Incident Report for Flagsmith

Postmortem

Overview

On the 20th of January 2021, at 16:47 UTC, our REST API suffered a partial outage for 38 minutes, with partial service resuming over the course of 6 minutes, resulting in total downtime of 44 minutes. The core reason for the outage was a database migration that failed to apply correctly. We manually corrected the migration and service was resumed.

We’re really sorry for this downtime. We work hard to try to ensure 100% uptime, and will take on these learnings to improve the service into the future.

Background

As part of the development work around 3rd party integrations, we have been working on an integration with [Amplitude](https://amplitude.com/). This integration requires a new table to be created in the core Postgres database. Consequently a Django Database Migration was created to facilitate this.

As part of this work, one of our developers manually edited the migration to make a change to the data schema. This was an error; migrations should not be manually edited; the engineer should have created a second migration to modify the data schema.

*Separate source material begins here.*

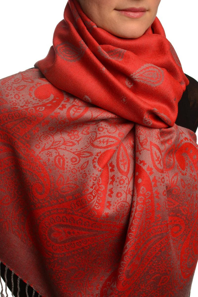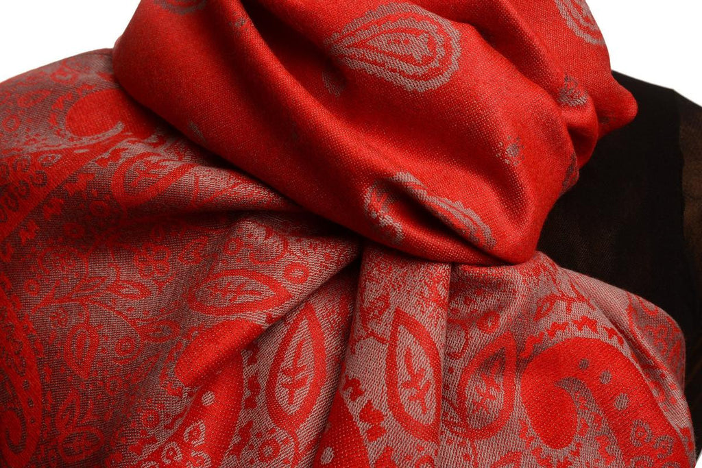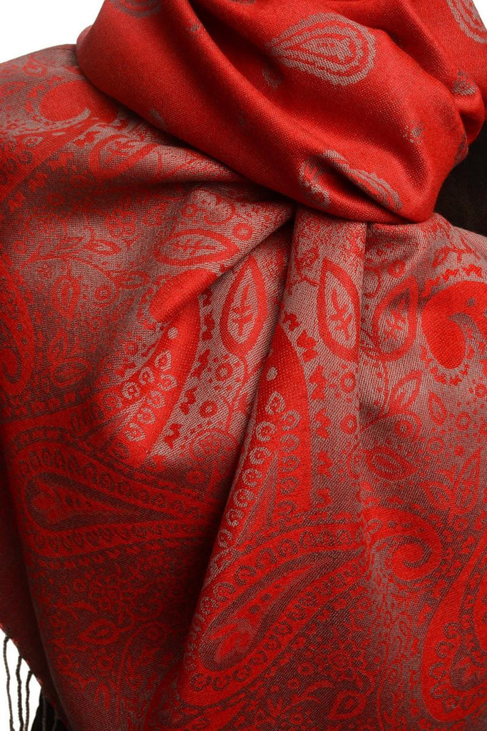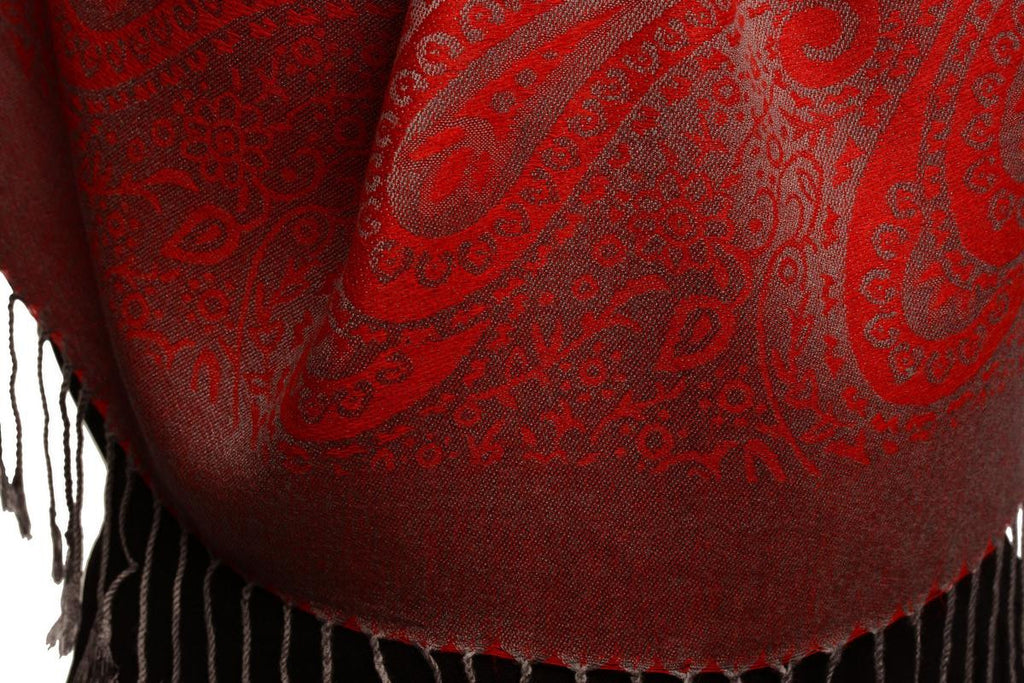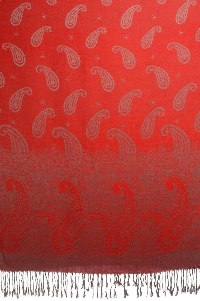 Small Paisley On Red Pashmina With Tassels - Scarf

We have also been migrating our code to use the Black python formatter. This caused issues with regards to our code review process by polluting the code review with additional formatting that made reading the code harder than it ought to be.

Testing

The code worked in our local, development and staging environments. This was due to the fact that test data was present in the prod environment but not on the development or staging environments. The migration failed to apply everywhere (because the app thought there was no migration to apply) but the exception was only thrown because there was data in the table in production.

Outage

Once our code review had progressed, we merged our code to master and the CI/CD pipelines pushed it into production. This caused the outage. We were also late to be alerted to this on account of it not taking down endpoints like /health; /health was still reporting 200 OK response codes.

Immediate Fix

We identified the issue quickly, wrote and tested a fix and then deployed it into production.

Learnings

We will ensure a 3rd set of eyes review any commits that include data migration code.
We will ensure a better consistency of data during testing.
Our downtime alerting has been improved to make synthetic API calls to core SDK endpoints like retrieving flags. This better simulates real world usage.

Posted Jan 25, 2021 - 19:41 UTC

Resolved

We've identified an issue with a database migration that failed in production as part of an upgrade. We've remedied the issue and are monitoring the platform. Will provide further updates as soon as we can.

We've identified the code that cause the outage and will be monitoring the platform but are confident that the issue has been fully resolved.

We will provide a post mortem as soon as we have completed the root cause analysis.

Posted Jan 20, 2021 - 17:30 UTC

This incident affected: Core API.